Note : The graph above represents the evolution of the number of games played by the two generations over time, after their Gambardella Cup victory. In 2003 (blue curve), some players had already gathered some professional experience. The progression in the number of games is consistent, before gaining in intensity in 2005-2006 (2 to 3 years after the final). After Gourcuff’s departure, the curve returns to normal, before lowering strongly at +4 years, when Bourillon and Faty quit Brittany, leaving only Briand behind them.
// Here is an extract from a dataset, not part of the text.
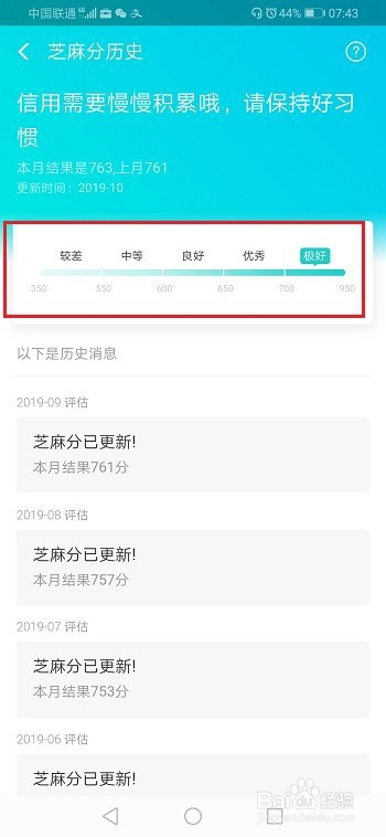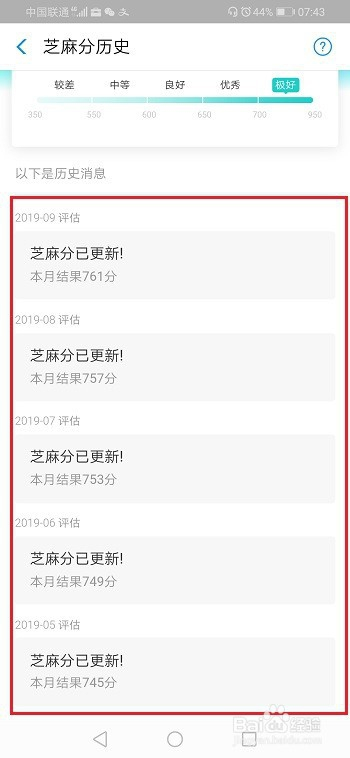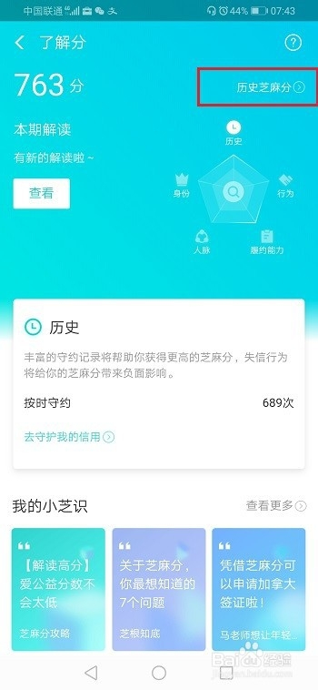 第四步进去汗青芝麻分界面,可以看到芝麻信用分变更记实,如下图所示:

In 2008 (Red and Orange curves), the arrival in the first team is happening later, with the players only reaching in Summer 2010 (+2 years) the total already played by the 2003s. A misleading assessment: By including all the Ligue 2 games played during their loan, the players have nearly caught up, in one year, the experience that their 2003 predecessor had acquired in three seasons. The projections made (in dotted lines) according to the number of games played since the beginning of the season, show a constant increase, and nearly equal to the 2003 players’ best score (2005-2006 season). An increase which is destined to be accentuated even more, if Souprayen or Brahimi were to become regular starters.
Finally, except for the only M’Vila, players from the 2008 generation are playing their first full season at Stade Rennais in 2010-2011. An emergence that comes with a two year difference with their from 2003 launched very (too?) early in the first team. If Stade Rennes manages to keep its youngsters – and the club did work this way by extending most of their contracts until 2014 -, they should only be giving the full measure of their potential next season, or during the 2012-2013 season.
Older, and strenghtened by one additional year of Ligue 2 experience, they give much more guarantees than their predecessors. Samuel Souprayen, who is still to complete his breakthrough in the first team, had already shown that he could be a key player in Ligue 2. Enough to create relation of mutual trust between the player and the club, which would have been difficult to instate if he had remained with the reserve squad for one more year.
« I think we are reaching a real turning point, Jérôme Leroy affirmed on 21st December. The potential is there. […] If you keep these youngsters, they are the future at Rennes. Look what Lille has done, they have kept a lot of players since three-four years, and they have become key-players”.
Off to a good start in the League during this 2010-2011 season, everything seems to be shaping up well for Rennes and its «Gambardella 2008» generation. Better, it seems that this generation is far from having shown all its potential yet. A sign, maybe, that glorious tomorrows are well on their way…
- Photo : Fédération française de football (logo), Spinerod via Wikimédia Commons (Le Toux)
Footnotes[1] The squad for the 2003 final: Chaigneau, Le Toux, Macé (Sorin, 84’), Bourillon, Faty, Dugaz, Mvuemba, Bru, Briand, Gourcuff (Benchenaa, 75’), N’Guéma (Stanger, 84’).
[2] The squad for the 2008 final: Petit, Théophile-Catherine, Louhoungou, Souprayen (cap), Le Marchand, M’Vila, Pajot, Brahimi (Caro, 77’), Lasimant, Le Tallec (Pivaty, 86’), M’Laab (Camara, 64’).